Seltsam, daß immer die Microsoft-Produkte Probleme mit offenen
Standards haben.
tja, wenn es nur so wäre!
Es ist aber m. E. offensichtlich anders: M$ arbeitet nach Erwartungswert des Gesamtnutzens für die Anwender.
Es gibt viel mehr falsch konfigurierte Server als Anwendungen, die darauf _angewiesen_ sind, ein Bild mit der Endung ".txt" anbieten zu können.
Konsequenterweise nimmt M$ an, daß es sich auf die Endung .txt (die dem Ersteller der Datei zweifellos bewußt ist) eher verlassen kann als auf die Konfiguration der MIME-Typen des Webservers (welche dem Seitenbastler praktisch nie zu Gesicht bekommen - oder, Chräcker? ;-).
Meiner Meinung nach arbeitet der M$ _absichtlich_ fehlerhaft (d. h. im Widerspruch zum gültigen Standard), weil der Hersteller davon ausgeht, daß er damit mehr Fehler von Ahnungslosen repariert, als korrekte Anwendungen von Experten zu beschädigen.
(Bei der Interpretation von kaputtem HTML-Code ist es ja genauso.)
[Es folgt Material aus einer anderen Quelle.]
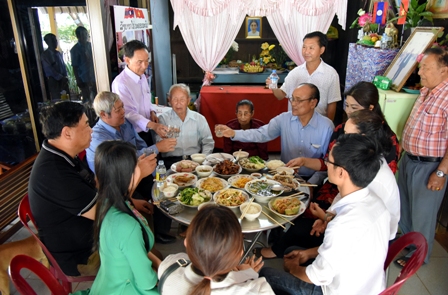 หลังจากเสร็จพิธี ครอบครัวของคุณลุงห่งก็ได้ร่วมกันทานอาหาร อวยพรให้สมาชิกในครอบครัวประสบแต่สิ่งที่ดีงาม คุณลุงห่งรู้สึกปลื้มปิติยินดีมาก เพราะในหนึ่งปีโอกาสที่ครอบครัวจะได้อยู่กันอย่างพร้อมหน้าพร้อมตากันก็มีไม่มากนัก ดังนั้นวันตรุษเต๊ตคือโอกาสเพื่อให้เขาได้คุยกับลูกหลาน สมาชิกในครอบครัวถึงแม้ทำงานที่ไหนก็ต้องไม่ลืมต้นกำเนิดของตน “ปิตุภูมิคือสิ่งที่ศักดิ์สิทธิ์ ทุกคนที่ลืมบ้านเกิดจะไม่สามารถเติบโตและพัฒนาได้ ดังนั้นเราต้องรำลึกถึงบรรพบุรุษ ปู่ย่าตายาย พ่อแม่ที่ให้กำเนิดเรา เช่นเดียวกับในช่วงต่อต้านนักล่าเมืองขึ้นฝรั่งเศสและจักรวรรดินิยมอเมริกา ไม่เพียงแต่ชาวเวียดนามจะจดจำถึงส่วนอุทิศของลุโฮเท่านั้น หากผู้ที่ถูกดขี่ขูดรีดก็จดจำถึงลุงโฮเช่นกัน ควรสอนให้ลูกหลานรู้ว่า ปิตุภูมิเป็นสิ่งที่สำคัญที่สุดเหนือกว่าสิ่งอื่นใด ปิตุภูมิคงอยู่ บรรพบุรุษก็คงอยู่ ดังนั้นการสอนลูกหลานต้องให้พวกเขาเข้าใจในรากฐานและมุ่งใจสู่ปิตุภูมิ”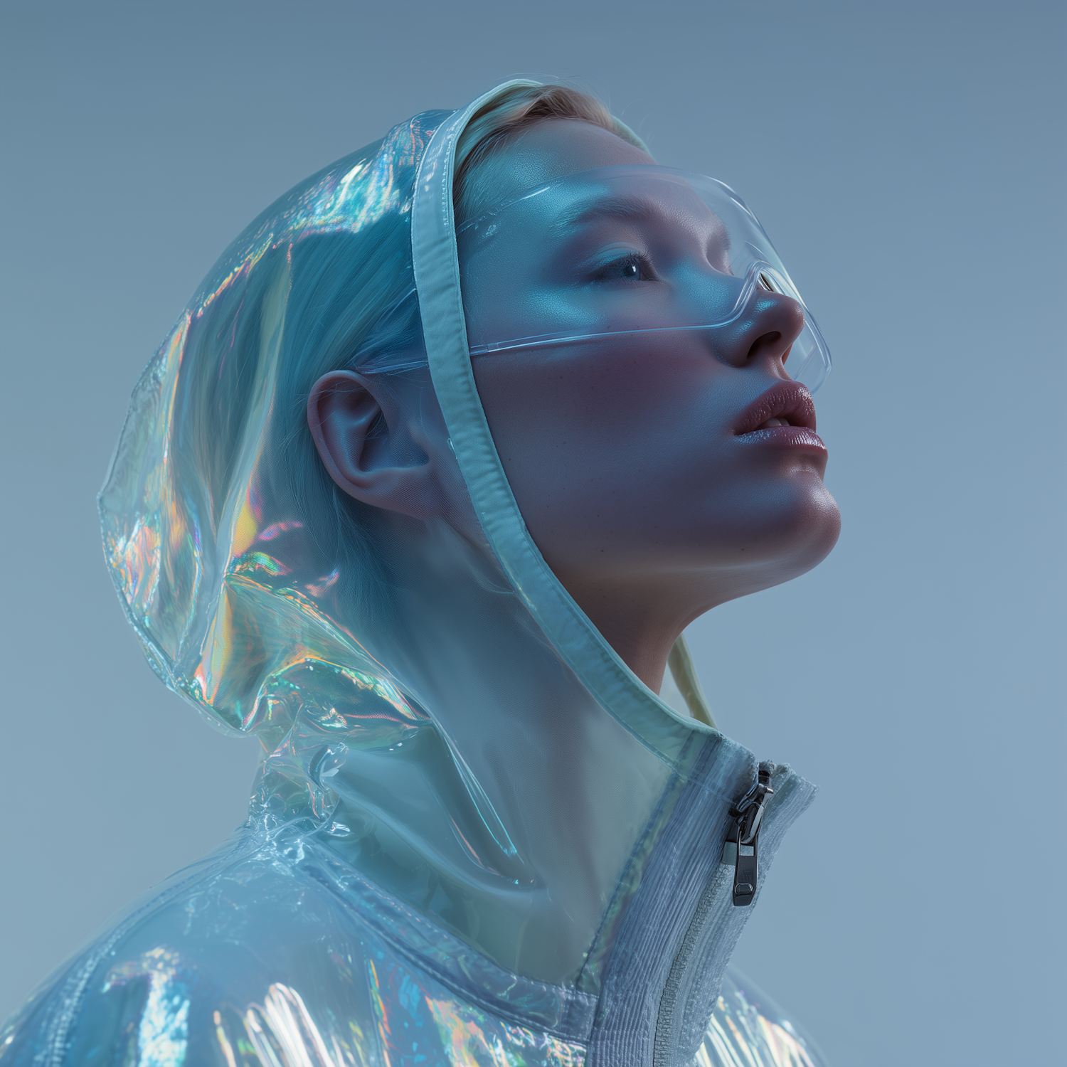 Futuristic portrait of a person in an iridescent hooded jacket and clear eyewear, set against a soft blue gradient background.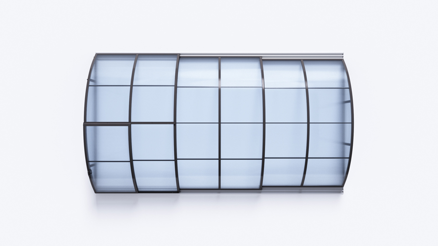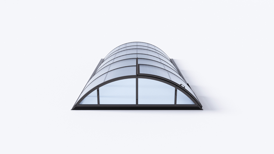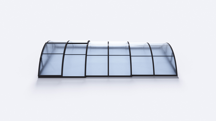 Kryt modulu je vyrobený z 8 mm hrubého dutého polykarbonátu. Tento materiál je nenáročný na údržbu a vďaka svojim tepelnoizolačným vlastnostiam pomáha aj pri ohrievaní vody v bazéne. Samozrejmou vlastnosťou polykarbonátovej dutiny je ochrana proti UV žiareniu.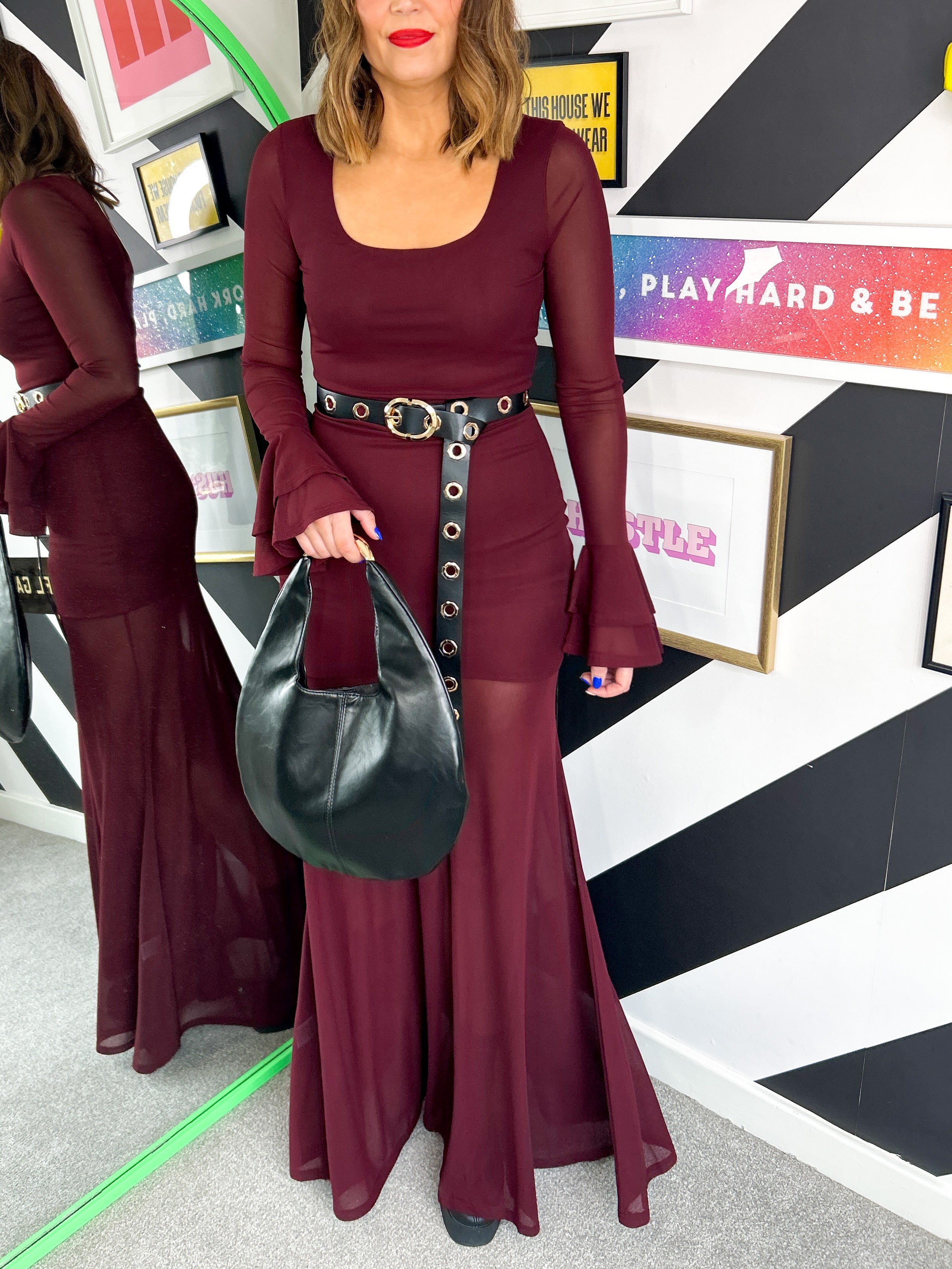 Temptress - Burgundy Sheer Mesh Maxi Dress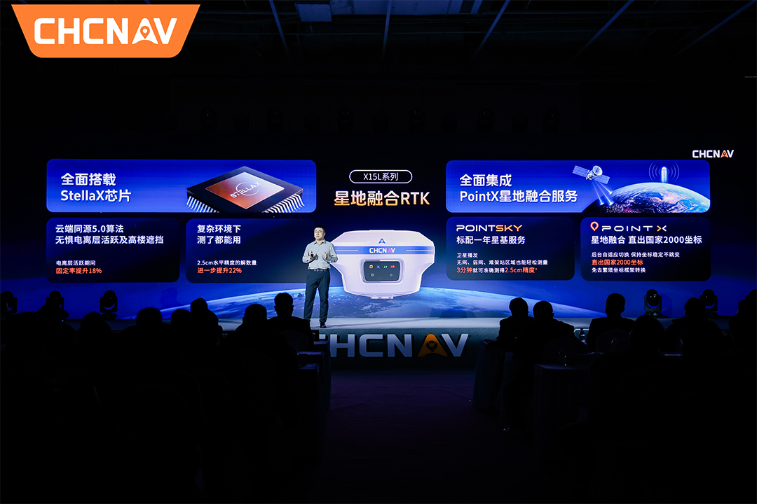 3月13日,以“感知无界,智测未来”为主题的 2026 华测导航春季新品发布会在上海举行,正式发布PointX 全球星地融合增强服务、StellaX 星地融合芯片、如是 GS5 测量系统、D60 双频测深仪等新产品、新服务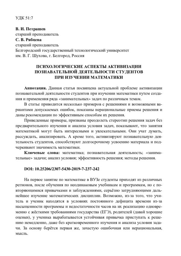 На первое занятие по математике в ВУЗе студенты приходят из различных регионов, после обучения по неодинаковым учебникам и программам, но с повторяющимися привычками и заблуждениями, серьёзно затрудняющими дальнейшее изучение математических дисциплин. Возможно, из-за того, что учитель и ученик находятся в условиях постоянного дефицита времени из-за насыщенности программы и недостаточности часов на их реализацию одновременно с жёсткими требованиями государства (ЕГЭ), родителей (давай хорошие оценки), у ученика вырабатывается устойчивая привычка приступать к решению немедленно, даже без кратковременного изучения и анализа условия задачи. За основу берётся первая же, зачастую ошибочная или нерациональная, мысль.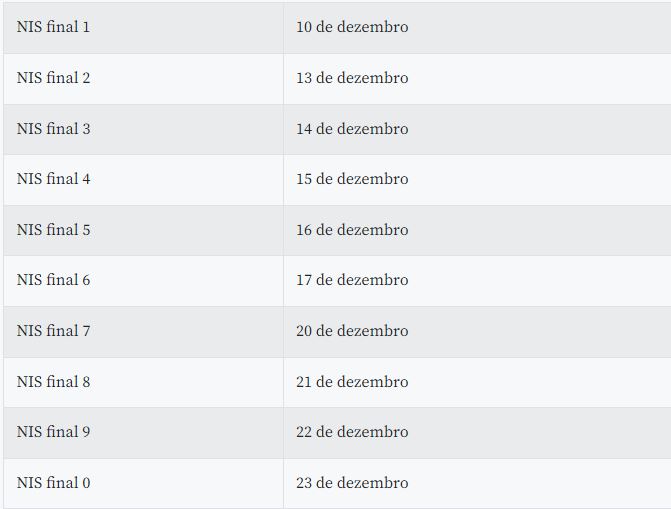 As datas de pagamento seguem o modelo do antigo Bolsa Família, que pagava os beneficiários nos dez últimos dias úteis do mês. Em dezembro, em função do feriado de Natal, os pagamentos vão até 23, com a antecipação do calendário regular em uma semana.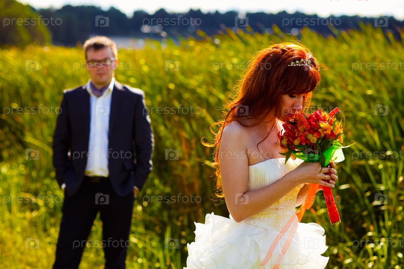 Невеста нюхает свадебный букет на фоне зеленой травы и жениха

Und abgesehen davon, daß dies statistisch gesehen sogar sinnvoll ist (falls man Attribute wie "Zuverlässigkeit" oder "Vorhersehbarkeit der Ergebnisse" etc. als irrelevant ansieht), ist auch noch festzuhalten, daß die solcherart "geschädigten" Profis ja immerhin genug Ahnung von der Materie haben, um auf diese bewußten Verstöße gegen die Standards zu reagieren - während die Ahnungslosen ihre eigenen Fehler ja weder erkennen noch gar beheben können.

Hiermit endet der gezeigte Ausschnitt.